There are some treatments for both symptoms. The ones I've tried involve listening or looking at static. Neither had much effect on me.

The best way I've found to deal with it is to ignore it. focusing on treatments preversly makes me more aware of the annoyance.

2 comments

There may be the same underlying problem for both tinnitus and visual snow. The problem can be characterised as a systemic neurological damage. For example, it can be caused by the loss of myelin in nerve fibres.

In turn, that condition is commonly caused by the underlying metabolic problems, which can be caused by genetic mutations in mitochondria, toxins, episodes of hypoxia, unhealthy lifestyles, oxidative stress.

When this happens, the other symptoms may include chronic fatigue, acquired insulin resistance, T2DM, sometimes various neurological manifestations in different parts of the body, and even dementia.

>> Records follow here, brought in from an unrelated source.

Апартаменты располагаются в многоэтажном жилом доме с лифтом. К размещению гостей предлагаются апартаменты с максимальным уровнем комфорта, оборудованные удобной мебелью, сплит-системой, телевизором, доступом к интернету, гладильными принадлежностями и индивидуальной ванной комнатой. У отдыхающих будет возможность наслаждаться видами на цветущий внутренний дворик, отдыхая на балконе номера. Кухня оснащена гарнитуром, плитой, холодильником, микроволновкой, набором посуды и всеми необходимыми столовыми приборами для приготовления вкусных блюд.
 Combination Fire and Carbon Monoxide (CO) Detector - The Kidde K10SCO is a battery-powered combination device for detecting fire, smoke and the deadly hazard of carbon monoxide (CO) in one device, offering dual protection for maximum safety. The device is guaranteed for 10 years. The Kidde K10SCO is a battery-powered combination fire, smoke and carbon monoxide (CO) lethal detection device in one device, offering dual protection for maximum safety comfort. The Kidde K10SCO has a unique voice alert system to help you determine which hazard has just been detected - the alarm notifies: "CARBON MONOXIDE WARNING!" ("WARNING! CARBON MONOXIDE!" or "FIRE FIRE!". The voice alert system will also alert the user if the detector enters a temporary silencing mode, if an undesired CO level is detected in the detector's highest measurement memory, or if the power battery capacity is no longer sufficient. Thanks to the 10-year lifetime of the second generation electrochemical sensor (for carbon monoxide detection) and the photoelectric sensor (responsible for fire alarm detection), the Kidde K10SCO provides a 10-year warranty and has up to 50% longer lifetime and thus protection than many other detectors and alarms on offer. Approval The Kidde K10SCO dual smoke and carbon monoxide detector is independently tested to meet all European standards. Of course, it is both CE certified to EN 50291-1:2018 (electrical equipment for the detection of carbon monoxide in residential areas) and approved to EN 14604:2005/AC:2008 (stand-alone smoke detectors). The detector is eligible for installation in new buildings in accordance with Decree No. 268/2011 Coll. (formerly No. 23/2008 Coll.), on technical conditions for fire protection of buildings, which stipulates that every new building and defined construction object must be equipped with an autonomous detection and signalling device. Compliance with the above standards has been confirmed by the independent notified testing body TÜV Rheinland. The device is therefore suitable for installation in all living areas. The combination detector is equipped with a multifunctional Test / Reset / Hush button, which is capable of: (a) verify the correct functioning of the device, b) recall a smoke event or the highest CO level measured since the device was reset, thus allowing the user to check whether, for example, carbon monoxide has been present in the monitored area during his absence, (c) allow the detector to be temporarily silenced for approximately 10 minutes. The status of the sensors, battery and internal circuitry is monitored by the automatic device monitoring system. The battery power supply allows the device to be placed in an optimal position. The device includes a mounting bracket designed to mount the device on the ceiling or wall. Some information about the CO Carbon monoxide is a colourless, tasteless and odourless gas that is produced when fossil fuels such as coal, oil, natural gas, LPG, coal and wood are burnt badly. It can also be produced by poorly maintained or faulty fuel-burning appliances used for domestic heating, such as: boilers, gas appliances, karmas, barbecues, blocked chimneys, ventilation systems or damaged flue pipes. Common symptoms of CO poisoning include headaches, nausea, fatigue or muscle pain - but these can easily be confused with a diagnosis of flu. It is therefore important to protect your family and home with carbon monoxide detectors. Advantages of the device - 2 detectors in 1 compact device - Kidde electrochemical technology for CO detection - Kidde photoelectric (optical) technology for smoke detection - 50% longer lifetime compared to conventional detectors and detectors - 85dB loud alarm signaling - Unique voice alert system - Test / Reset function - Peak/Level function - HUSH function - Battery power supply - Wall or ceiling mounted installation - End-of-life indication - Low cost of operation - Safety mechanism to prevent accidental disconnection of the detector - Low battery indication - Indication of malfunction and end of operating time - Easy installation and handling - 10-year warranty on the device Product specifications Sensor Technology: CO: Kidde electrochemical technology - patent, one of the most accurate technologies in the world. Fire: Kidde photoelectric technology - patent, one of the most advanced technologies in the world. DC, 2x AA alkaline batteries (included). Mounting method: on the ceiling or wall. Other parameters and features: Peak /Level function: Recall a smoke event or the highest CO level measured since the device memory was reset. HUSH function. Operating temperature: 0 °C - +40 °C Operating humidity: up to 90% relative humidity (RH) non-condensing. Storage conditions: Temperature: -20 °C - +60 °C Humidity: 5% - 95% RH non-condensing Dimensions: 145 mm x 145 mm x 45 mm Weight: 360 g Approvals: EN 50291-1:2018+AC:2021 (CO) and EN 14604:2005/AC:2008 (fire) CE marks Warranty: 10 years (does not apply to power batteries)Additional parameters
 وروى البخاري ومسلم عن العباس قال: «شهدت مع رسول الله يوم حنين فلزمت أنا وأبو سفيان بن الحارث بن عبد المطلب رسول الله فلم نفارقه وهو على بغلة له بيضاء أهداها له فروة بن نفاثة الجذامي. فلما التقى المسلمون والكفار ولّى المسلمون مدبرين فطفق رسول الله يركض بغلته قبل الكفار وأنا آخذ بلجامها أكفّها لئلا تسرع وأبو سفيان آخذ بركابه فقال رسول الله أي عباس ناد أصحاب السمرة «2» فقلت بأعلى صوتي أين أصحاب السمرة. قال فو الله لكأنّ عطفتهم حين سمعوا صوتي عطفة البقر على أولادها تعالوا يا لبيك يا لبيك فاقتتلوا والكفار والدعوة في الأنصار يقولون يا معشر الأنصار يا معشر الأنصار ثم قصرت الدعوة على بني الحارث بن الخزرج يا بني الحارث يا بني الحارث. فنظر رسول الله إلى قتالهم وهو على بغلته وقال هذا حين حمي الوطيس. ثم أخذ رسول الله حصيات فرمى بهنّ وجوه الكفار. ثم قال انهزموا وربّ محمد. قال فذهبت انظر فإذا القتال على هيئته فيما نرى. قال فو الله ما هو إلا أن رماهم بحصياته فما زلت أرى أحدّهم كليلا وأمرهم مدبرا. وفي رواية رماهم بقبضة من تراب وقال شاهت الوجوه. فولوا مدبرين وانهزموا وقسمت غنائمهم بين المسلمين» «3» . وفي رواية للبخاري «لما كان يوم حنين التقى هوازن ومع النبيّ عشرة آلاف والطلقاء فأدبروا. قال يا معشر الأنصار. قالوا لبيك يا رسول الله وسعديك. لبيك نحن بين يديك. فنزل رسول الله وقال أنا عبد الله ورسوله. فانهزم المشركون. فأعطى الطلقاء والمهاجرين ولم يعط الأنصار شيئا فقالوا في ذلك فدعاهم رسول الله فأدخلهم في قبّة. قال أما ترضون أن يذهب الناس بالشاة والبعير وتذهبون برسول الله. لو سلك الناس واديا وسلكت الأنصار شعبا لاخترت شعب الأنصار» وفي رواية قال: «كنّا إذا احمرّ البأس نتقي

Personal mileage may vary, it really goes from 1 to 11.

After seeking medical help, my doctor did discover I had a critical B12 deficiency, but AFAIK there is no connection even though I had nerve damage from the B12 issues.

Apparently a healthy number is 500+, most people will present with issues in the 250-300 range, and I was at 166 when critical is 144ish.

I have to take a daily pill for the rest of my life and things have improved, but the VSS is still the same.

There is a connection. You can imagine a nerve as a cord and when it gets damaged even slightly the signal dropouts do occur. Just like an analog TV gets noisy when the coaxial cord or its connection gets subpar, the human visual field gets distorted in a similar way. You can apply that analogy to hearing problems (e.g. tinnitus) as well.

For a long time we believed that when neurons die the condition stays forever and cannot be improved.

However the consequent observations on WW2 veterans proved the opposite - neuro tissues do recover but they do so extremely slowly.

If you had such a good response to B12 means that not all is lost.

What you can try to achieve is to provide the conditions for faster neurological recovery: speed-up the cellular ATP production to provide the energy for anabolism while slightly suppressing the immune system response so it does not get in the way. You biological machinery will do the rest.

The first part of the equation is reached with specific combinations of vitamins and coenzymes. For example, here is a combination that can serve as the basis: B1 in therapeutical doses (pills, >= 250 mg per day) + multivitamin. The second part of the equation is reached with NSAIDs.

Such treatment may allow you to reach some notable improvements just in few months. And those improvements will persist and accumulate.

I really appreciate this— I'll look into it!